Les llamamos "autores intelectuales", como si su patético crimen fuera en realidad una obra del pensamiento ilustrado, y recordamos las fechas de sus asesinatos, que ellos mismos eligieron, como si estuviéramos hablando de referendos y golpes de estado. Les concedemos -se supone que de manera inconsciente y en cierto modo inevitable- una categoría que no solo no merecen sino que no poseen. Luego florecen los insultos en las redes sociales porque unos se indignan con las declaraciones de los otros. Demasiado tibias, demasiado infantiles, demasiado vulgares. Nunca como las nuestras. Siempre a la altura. Siempre sabias. Siempre valientes. "Esto es lo que hay que hacer y no se hace. Esto es lo que hay que decir y no se dice". Todos contra todos. Contra algo.
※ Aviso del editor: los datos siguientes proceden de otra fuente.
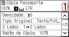 * Quando você usa Cópia de passaporte para fazer cópias, a proporção de cópia é definida automaticamente de acordo com o tamanho do papel usado para copiar e o número de passaportes a serem combinados. Você também pode pressionar [Razão de Cópia] para alterar a proporção da cópia manualmente.

Poco tiempo separa lo acontecido en Charlottesville, Virginia, donde otro terrorista (en este caso no yihadista) también utilizó un automóvil para atropellar a una multitud, y el atentado cometido en Barcelona. Como los acontecimientos no se piden permiso entre ellos para evitarnos la paradójica simultaneidad, el horror nos pilló discutiendo sobre si un supremacista blanco que porta banderas con esvásticas es comparable a un antifascista que se manifiesta en contra del racismo. Algunos sugirieron, incluso, que la culpabilidad se repartía entre los que atropellan y los atropellados. Quién provocó a quién. El que estaba frente al volante o los que recibían el impacto del vehículo en el suelo. Donald Trump, por ejemplo, condenó la violencia de "ambos bandos". Unos pocos lo jalearon. También en España. Más tarde se vio obligado a rectificar. Pero ya era tarde. Miles de neonazis se sintieron representados y protegidos. Legitimados.

Las reacciones, decíamos. Ahí está la clave del asunto.